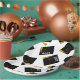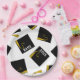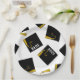 Creative graduation party plates featuring black and gold graduation caps. To personalise edit text to add name of grad and senior class year.
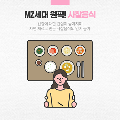 ‘사찰음식’도 템플스테이의 인기 요인 중 하나입니다. 사찰 음식은 유제품을 제외한 모든 동물성 식품과 오신채(파, 마늘, 부추, 달래, 아위)를 금지하는 음식으로 자연 재료로 만든 천연 조미료를 사용하고, 발효 방법을 활용한 다양한 음식들을 말합니다. 최근 MZ세대 사이에서 건강에 대한 관심이 높아지면서 ‘헬시플레저(Healthy Pleasure)’, 즐거운 건강 관리, 지속적인 건강 관리를 지향하는 사람들이 늘어나며 한국 고유의 비건 음식이라고 할 수 있는 사찰 음식도 주목받고 있습니다.
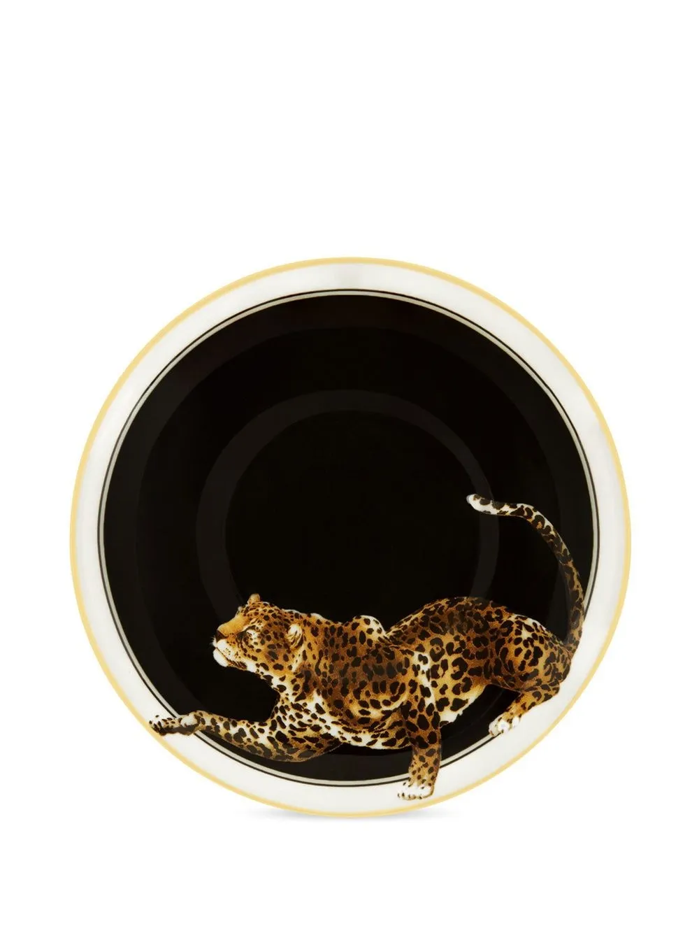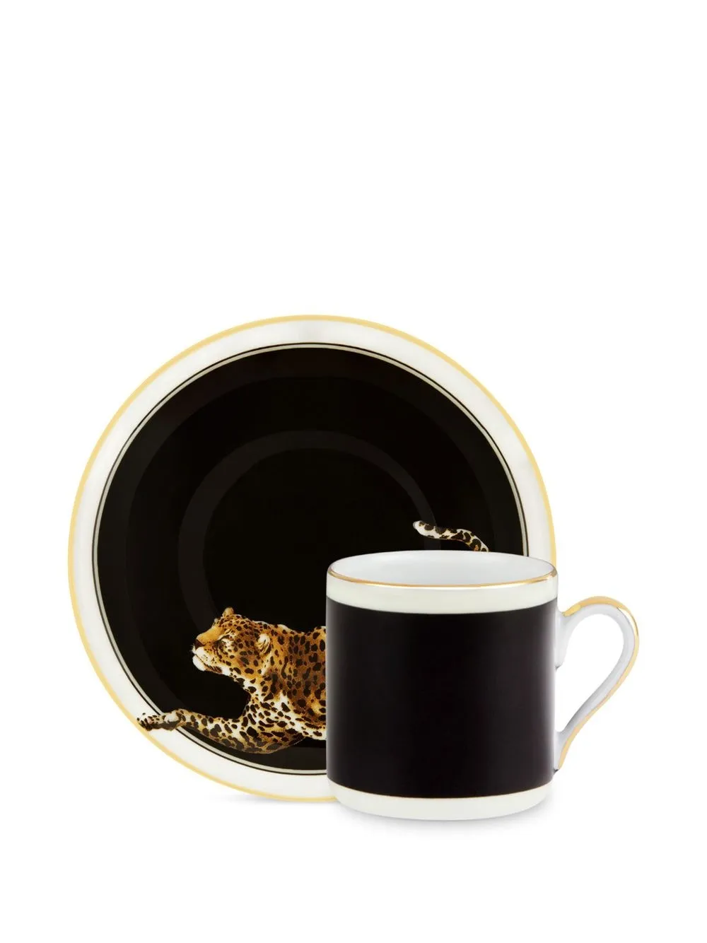 Черный/разноцветный, фарфор, принт с изображением тигра, блюдце в комплементарной расцветке и круглая ручка.
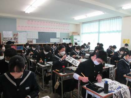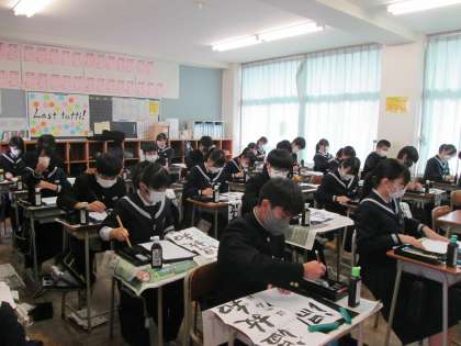 3年生は「温故知新」という言葉を書初で書きました。みんな真剣に臨んでいました。

----------------

__Description of the task__:
From the line containing "Черный/разноцветный, фарфор, принт" down to the final line of the listing above, write out only those lines exactly as they are, minus the pictures.

__Output for this exercise__:
 Черный/разноцветный, фарфор, принт с изображением тигра, блюдце в комплементарной расцветке и круглая ручка.
 3年生は「温故知新」という言葉を書初で書きました。みんな真剣に臨んでいました。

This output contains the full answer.